Tourists, including botanists, ecologists and avid gardeners, visit throughout the year, especially during the flowering season from July to mid-September, because Namaqualand boasts around 3,500 plant species, as well as one third of the world's succulent species.
There's even a dedicated telephone hotline for 'bloom hunters' giving flower location hotspots and flower sighting updates along the Namaqua Flower Trail.
Species include the Namaqualand daisy (dimorphotheca sinuata) as well as arctotis, asters, gazanias and osteospermum, and flowering succulents such as cheiridopsis, carpobrotus and crassula.
Remarkably, in such unforgiving territory, there are trees too. Quivers (kokerboom) with water-storing leaves and shallow roots take advantage of every drop of moisture. Their name derives from the ancient practice of Bushmen using their tubular branches to craft quivers for their arrows.
Drawn by the lure of refreshing sea breezes, shipwrecks, whale and dolphin spotting, as well as pristine beaches, I head north-west to the Diamond Coast.
In the 1800s, diamonds discovered in the Northern Cape laid the foundation for South Africa's economy. Mining focused on the seabed so this coast, previously a restricted area and still owned by mining corporations, was for decades left untouched and unspoilt.
My guide, Rodville Adams, takes tours between Koingnaas and Kleinzee covering coast and country, and describes it as a place to "refresh the soul and bathe in nature".

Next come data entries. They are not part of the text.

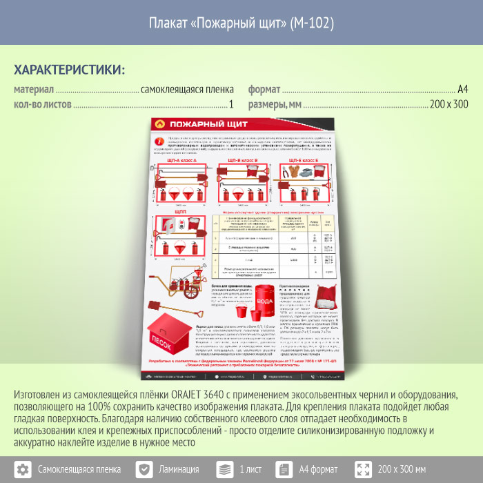 Плакат «Пожарный щит» (М-102, самоклеящаяся пленка, А4, 1 лист) в Пензе купить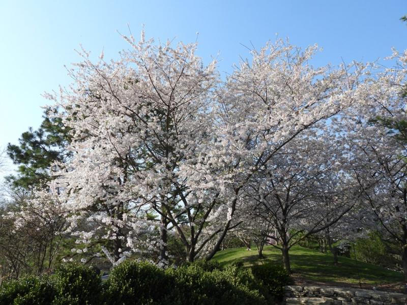 Prunus × yedoensis, commonly called Yoshino cherry, is a graceful ornamental flowering cherry tree that typically grows 30-40’ tall with a spreading, broad-rounded, open crown. Fragrant white (sometimes tinged pink) flowers in 3 to 6-flowered clusters (racemes) appear before or simultaneous to the emergence of the foliage in a profuse and spectacular early spring bloom. Flowers are followed by small black cherries (1/2” diameter) which are bitter to humans but loved by birds. Serrate, dark green leaves (to 5” long) are elliptic to oval. Foliage turns yellow and with bronze tints in fall. This hybrid cherry comes from Japan and is one of the predominant cherry trees planted in Washington D.C.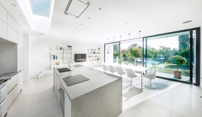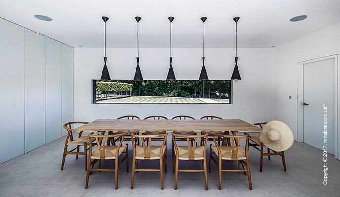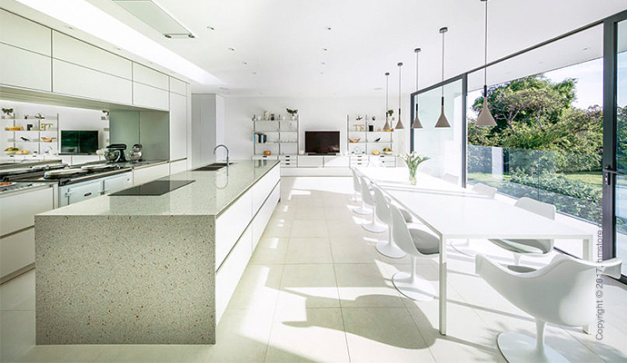 Гостиная выходит на бассейн, расположенный в западной части дома, а кухня и столовая «смотрят» на восток, благодаря чему они наполнены светом утреннего солнца. Комнаты имеют панорамные раздвижные стеклянные двери от пола до потока, из которых открываются виды на фруктовый сад и виноградник.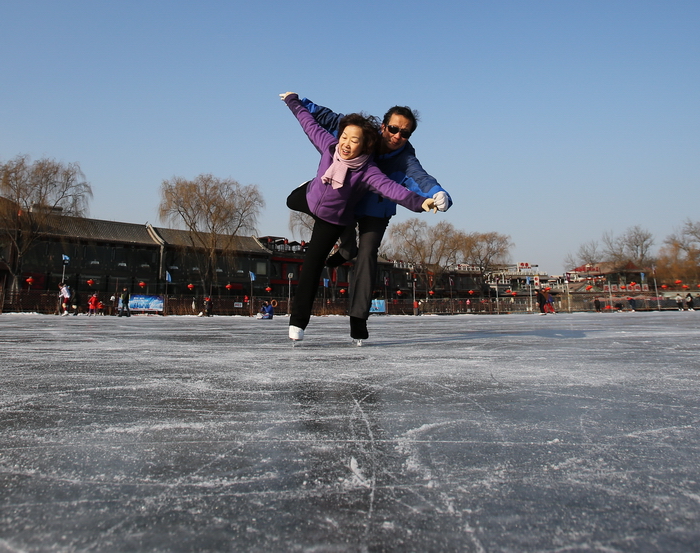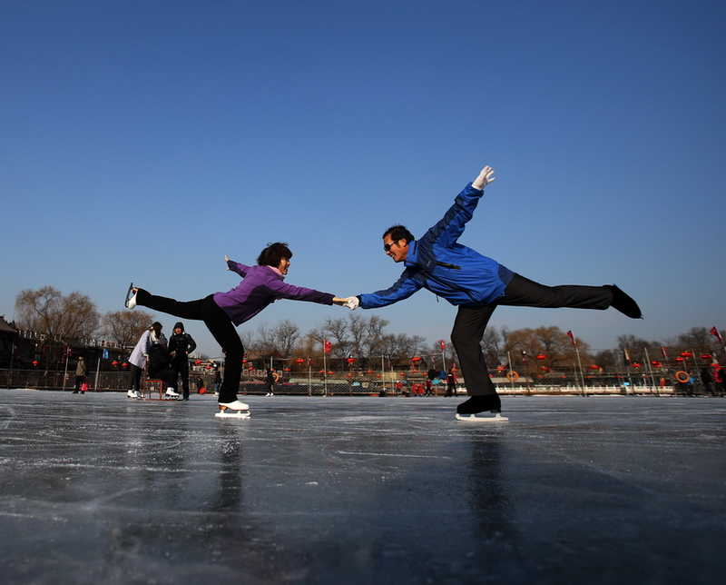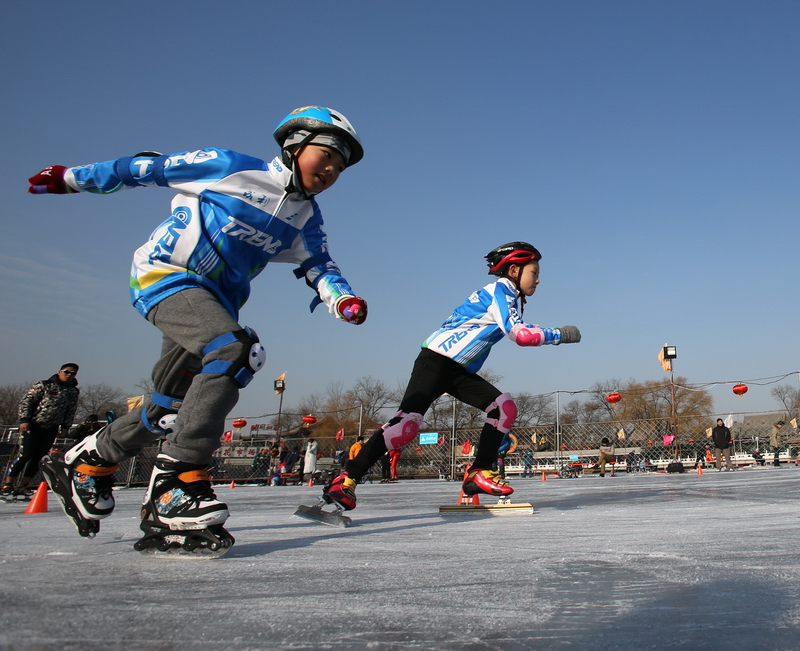 《模仿冰上激情岁月动作 冬乐图中人越出画卷来》作者:杨建国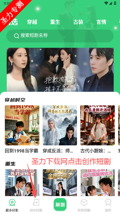 1、在软件首页点击屏幕下方的创作短剧字样切换页面。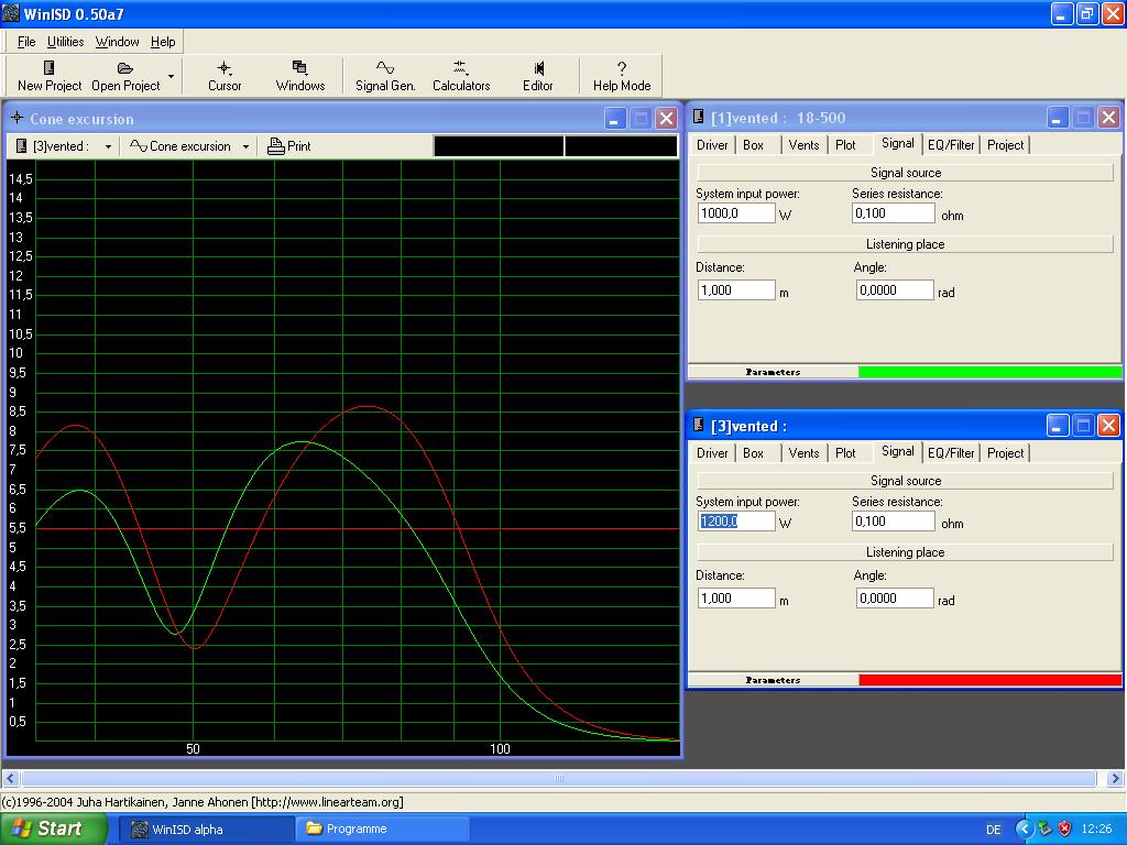 was den Buckel noch bissel flacher macht, dafür minimal weniger max Pegel. Noch ne Simulation, jeweils bis Xmax (Alle berechnet mit +HG/4), jeweils die zugeführten Leistungen beachten,

The only noise is the barking of seals - colonies of Cape fur seals bask on rocky outlets and squabble for territory during the mating season (September to October) - to the accompaniment of the whistling cry of the Cape long-billed lark and the crashing Atlantic waves.
There is one sign of man's incursion - the metal skeletons of three wrecks, The Piratiny, Border and Arosa, jutting from the sand, which is littered with shells and even an occasional whale bone.

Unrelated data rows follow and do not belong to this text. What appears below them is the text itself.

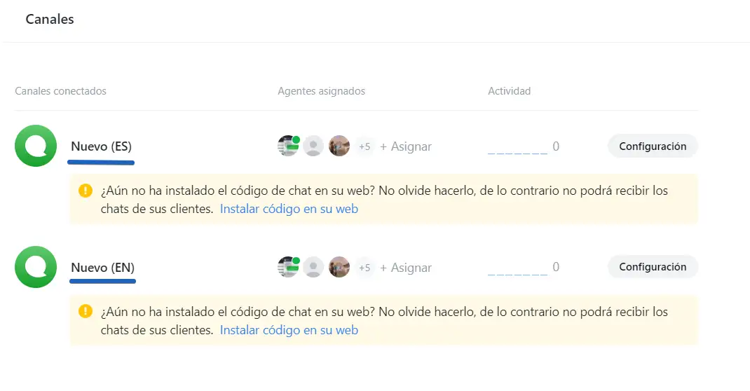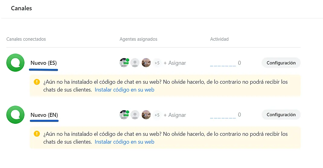 Al final, tendrá dos sitios web separados para cada idioma en el área de canales en nuestra aplicación de JivoChat.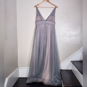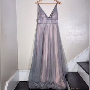 This stunning evening gown features a beautiful blend of gray and pink hues, perfect for any special occasion. Its elegant design ensures you stand out with grace and style.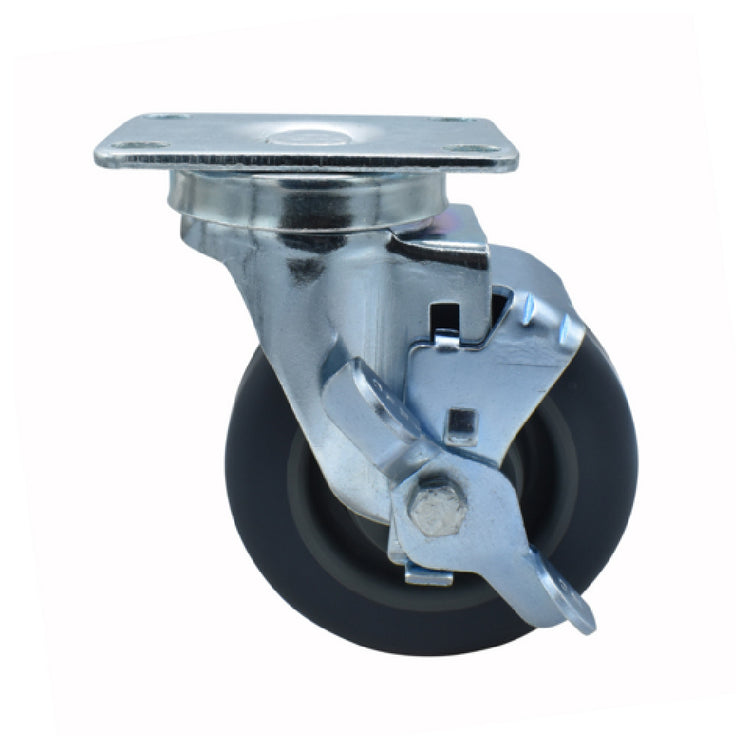 The BK Resources 4SBR-1PT-GR-TLB Rubber Wheel is a versatile and reliable component designed for various industrial applications, featuring a 4-inch diameter that ensures stability and ease of movement. This wheel is equipped with a 2-3/8-inch by 3-5/8-inch top plate, which provides a robust mounting surface, and includes a top lock brake for secure positioning when necessary. With a 1/2-inch king pin, this wheel is built to support a weight capacity of up to 250 pounds, making it suitable for heavy-duty tasks. The non-marking rubber material ensures surfaces remain pristine, while the wheel's operational temperature range of -45°F to 180°F enhances its adaptability in different environments. Resistant to oil, grease, water, and most solvents, this wheel is ideal for settings where exposure to such elements is common. The double ball bearing system guarantees smooth and quiet operation, complemented by the zinc plating that adds a layer of durability. Available in an understated gray color and NSF certified, the BK Resources 4SBR-1PT-GR-TLB Rubber Wheel is a practical choice for industries demanding reliable performance and minimal maintenance. Its thoughtful design makes it a valuable asset across various market segments, from manufacturing to logistics.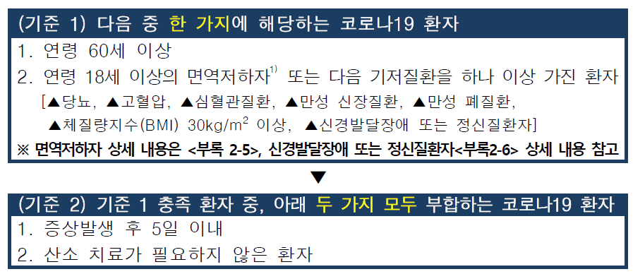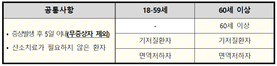 • 증상 발생 후 5일 이내 투여 가능, 무증상자는 투여대상이 아님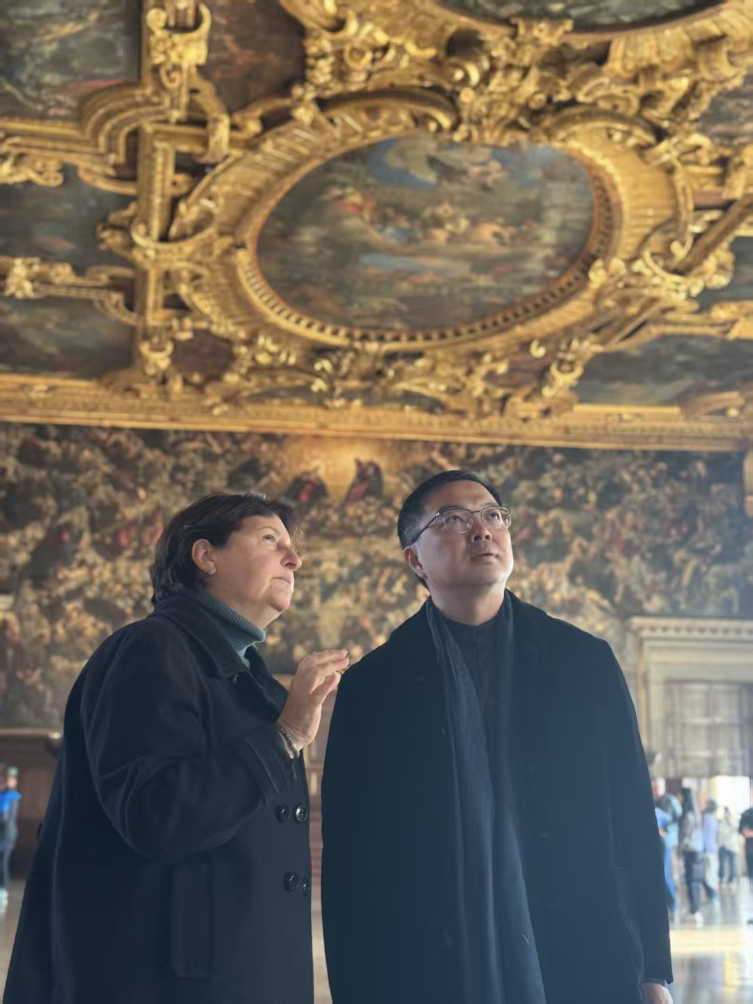 尚荣副院长在访谈中分享了威尼斯与中国在艺术史上的深厚渊源,并围绕“开放融合的城市气质对文化创新的影响”以及“中意文化艺术交流的未来愿景”等议题,与馆方深入探讨。他特别提及吴为山先生创作的《超越时空的对话——达芬奇与齐白石》雕塑现立于意大利达芬奇博物馆,以及“威尼斯之狮”可能与中国铜矿及艺术传统的潜在关联,强调“威尼斯本身就是一个催生跨文化对话的奇妙场域”。双方一致认为,在全球文化格局深刻变化的今天,高校与博物馆应携手搭建更具活力的国际合作平台。

The area is, says Adams, fast becoming a tranquil refuge for those seeking to escape the stresses of modern life.
"So many people come here as a way of stepping off the grid. They want a digital detox where they connect only with nature, and camp, walk, hike, surf, fish and recharge themselves. Adrenaline-seekers have the driving challenge of taking 4x4s across the sand dunes."
While there isn't the drama of a Big Five safari, this is home to 'The Shy Five' - aardvark (an odd mix between a rabbit, piglet and a kangaroo), porcupine, bat-eared fox, aardwolf (like a small hyena) and meerkat, which vanish into underground burrows in an instant.

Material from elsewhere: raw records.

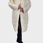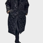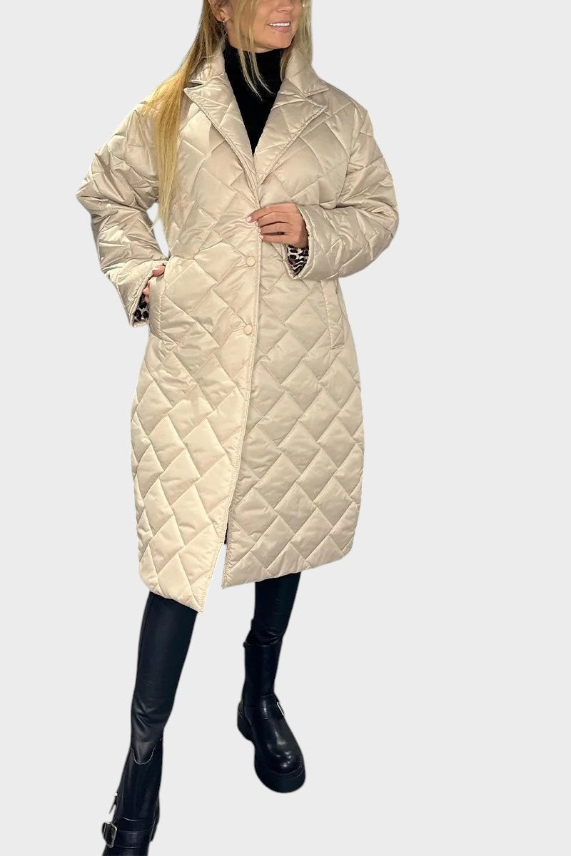 Tento obojstranný prešívaný kabát je dokonalým spojením elegancie a funkčnosti. Moderný strih s geometrickým vzorom dodáva sofistikovaný vzhľad, zatiaľ čo obojstranná vnútorná strana ponúka všestrannosť pre rôzne príležitosti. Ľahký, teplý a pohodlný, ľahko sa prispôsobí tvojmu tempu – či už pre každodenné kombinácie, alebo pre mestský a odvážnejší štýl.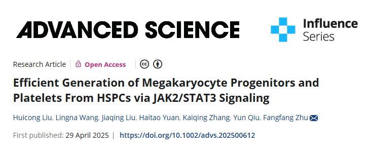 Liu H, Wang L, Liu J, Yuan H, Zhang K, Qiu Y, Zhu F. Efficient Generation of Megakaryocyte Progenitors and Platelets from HSPCs via JAK2/STAT3 Signaling [J]. Adv Sci, 2025, 29:e2500612.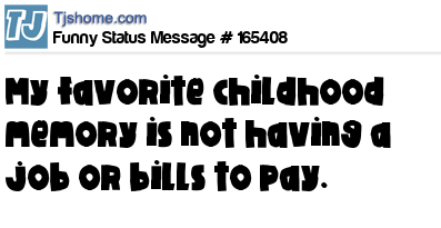 X says My favorite childhood memory is not having a job or bills to pay.

If they prove too elusive, there are other creatures - ostrich, antelope, springbok, duiker, hartebeest and klipspringer, as well as birds, including falcons and Verreaux's eagles - to spot.
Coincidentally, Richard van Ryneveld, a former diamond diver in the Seventies, who helped build the cottages, is back for a nostalgic visit. "It was incredibly dangerous work, as we'd often have to try to dislodge rocks to locate them," he recalls.
"We could only dive in calm seas and we'd spend weeks waiting for a weather window. Then we'd take our chances beneath the surface to search, but conditions could change quickly. A friend of mine died in the rocks, so although we were well-rewarded, it was an isolated, perilous life."
In contrast with the Noup's quaint simplicity, 'glamping' in Namaqua National Park is a luxury experience. This park, covering an area of more than 700km- square, is south-west of Springbok - and so famed for its 'bloom' show that it hosts a tented Beach Flower Camp during peak season. This, perched above the beach, north of its Groenrivier entrance, caters for bloom hunters and those seeking a break in the wilderness.
It's a wonderful finale to a trip that began with flowers and ends with them. Flower power rules.